» PROBLEM TO SOLVE: Nothing but the text belongs in the answer: the listing below, copied exactly, without pictures.

COLLECTED DATA section start

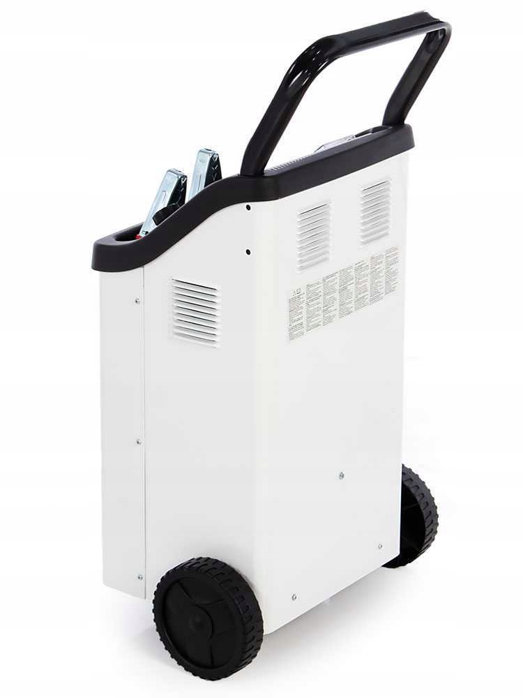 Акумулятор зарядний пристрій із кабелем і вилкою, плюсові (червоні) і мінусові (чорні) кліщі, розташовані на передній полиці. Легкий у використанні та транспортуванні завдяки малій вазі, зручній ручці таколесам, що входять до комплекту.
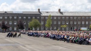The military and religious ceremony in Collins Barracks Cork was held in the presence of the President, the Taoiseach and other members of the Government of Ireland, members of the Oireachtas, the Council of State, the Diplomatic Corps, the Judiciary, the Defence Forces, An Garda Síochána, the next-of-kin of those who died on service with the United Nations, relatives of the 1916 Leaders, Northern Ireland representatives, a wide cross-section of the community, representatives of a range of Representation Associations and Veterans Associations including RACO, PDFORRA, RDFRA, ARCO, ONE. IUNVA and RBL, and a significant number of Defence Forces Veterans. The Chairman of the Military Heritage of Ireland Trust, Brigadier-General Paul Fry (Retd) led the Trust’s representation at the ceremony.
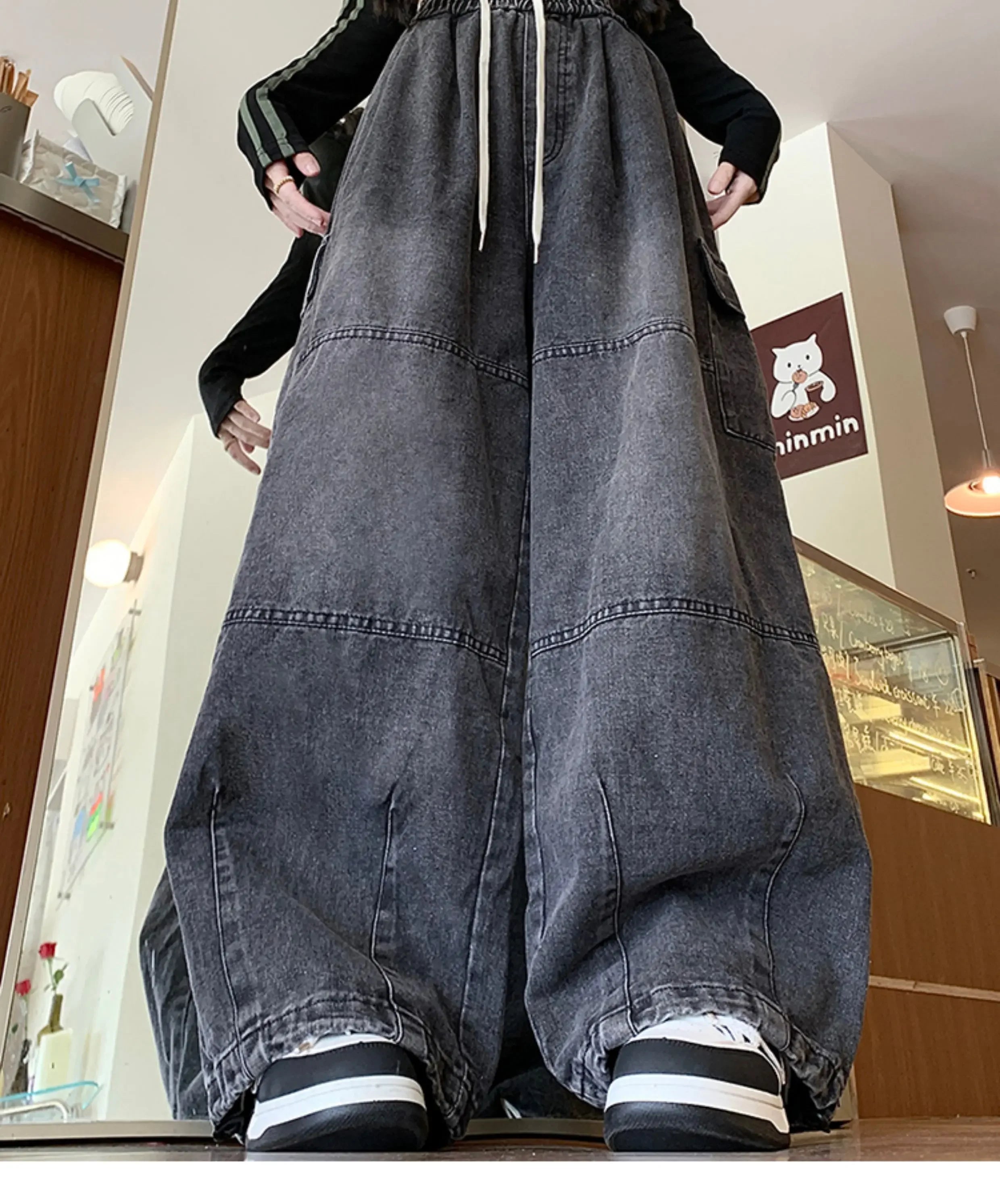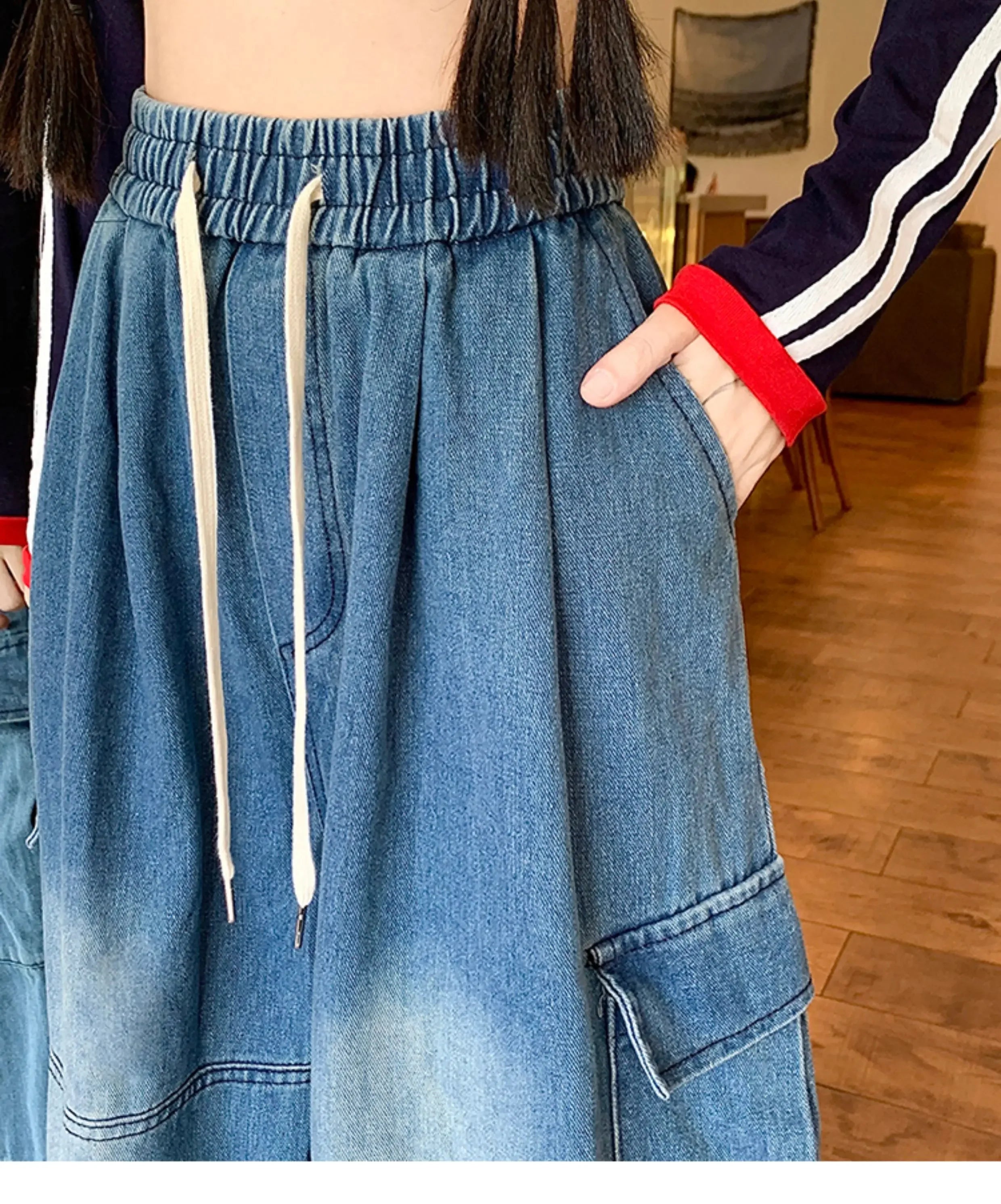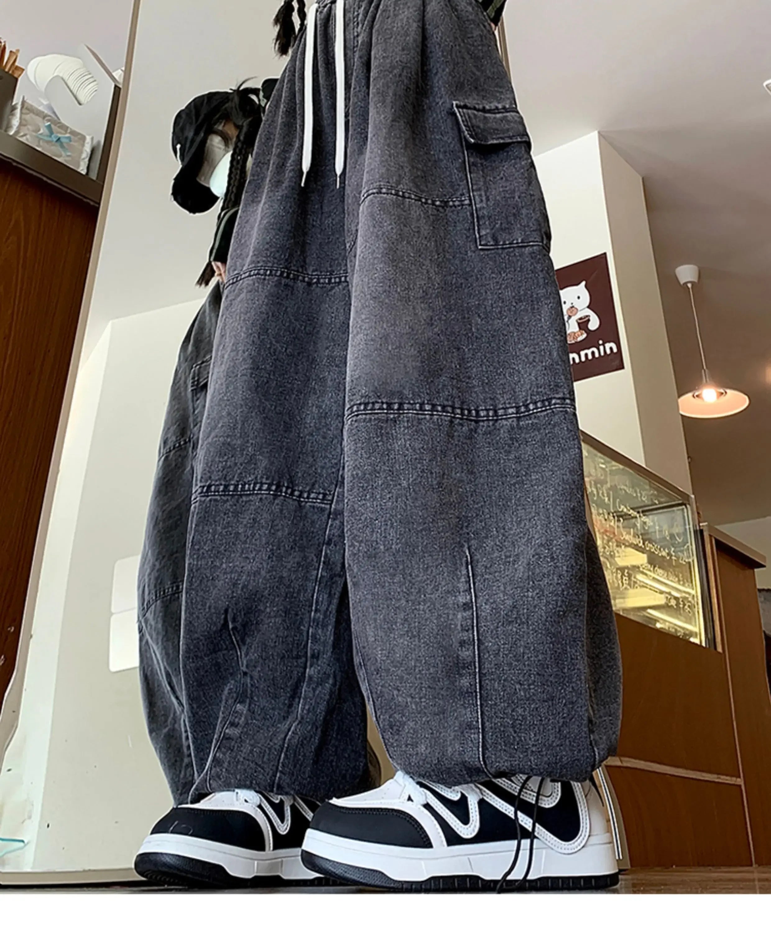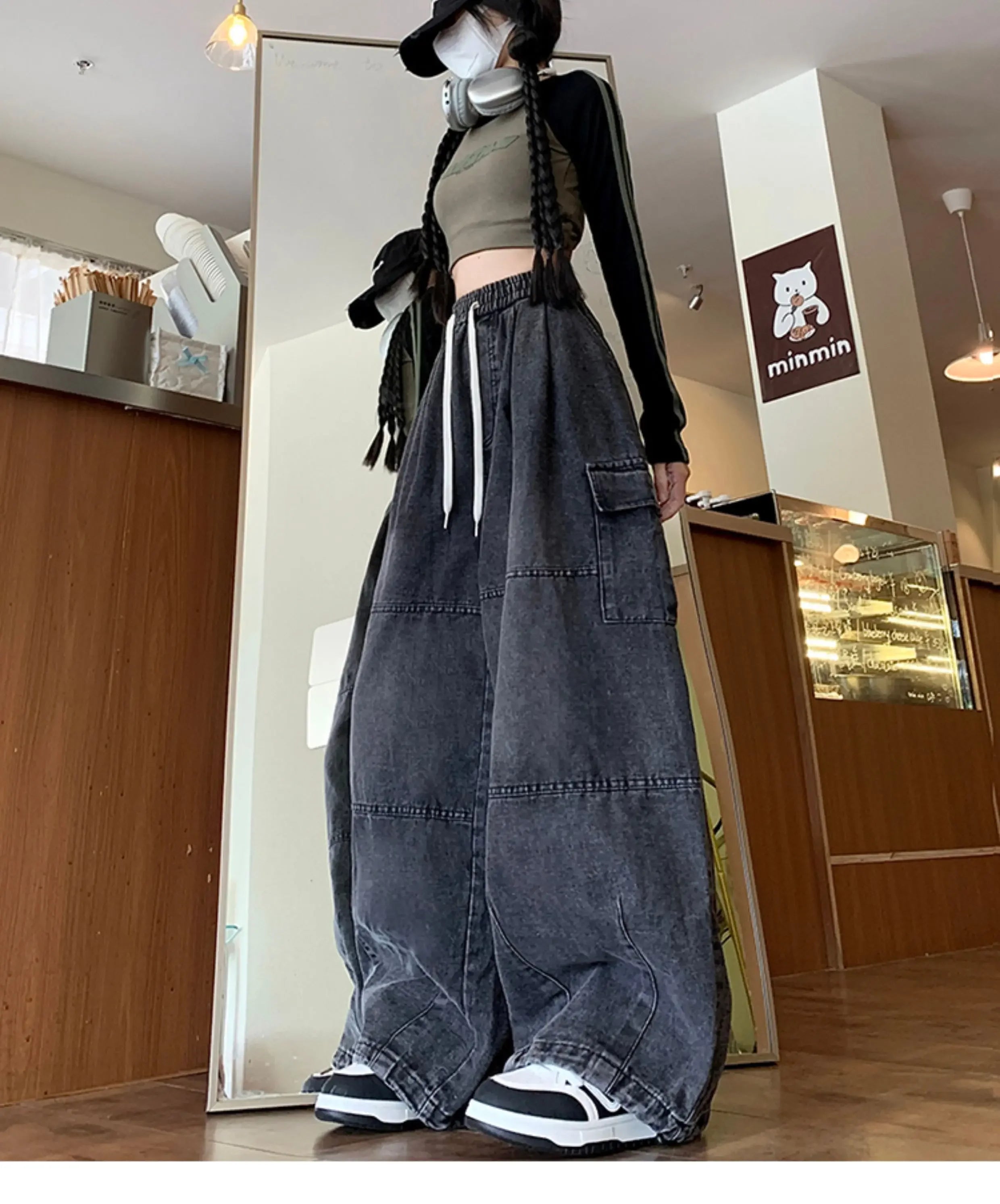 Riolio Cargo Jean Loose Wide Leg Workwear Jeans Elastic Waist Men and Women Spring Autumn Faion Brand Waed Out Trousers Straight Cut

COLLECTED DATA section end

» YOUR RESPONSE:
 Акумулятор зарядний пристрій із кабелем і вилкою, плюсові (червоні) і мінусові (чорні) кліщі, розташовані на передній полиці. Легкий у використанні та транспортуванні завдяки малій вазі, зручній ручці таколесам, що входять до комплекту.
The military and religious ceremony in Collins Barracks Cork was held in the presence of the President, the Taoiseach and other members of the Government of Ireland, members of the Oireachtas, the Council of State, the Diplomatic Corps, the Judiciary, the Defence Forces, An Garda Síochána, the next-of-kin of those who died on service with the United Nations, relatives of the 1916 Leaders, Northern Ireland representatives, a wide cross-section of the community, representatives of a range of Representation Associations and Veterans Associations including RACO, PDFORRA, RDFRA, ARCO, ONE. IUNVA and RBL, and a significant number of Defence Forces Veterans. The Chairman of the Military Heritage of Ireland Trust, Brigadier-General Paul Fry (Retd) led the Trust’s representation at the ceremony.
 Riolio Cargo Jean Loose Wide Leg Workwear Jeans Elastic Waist Men and Women Spring Autumn Faion Brand Waed Out Trousers Straight Cut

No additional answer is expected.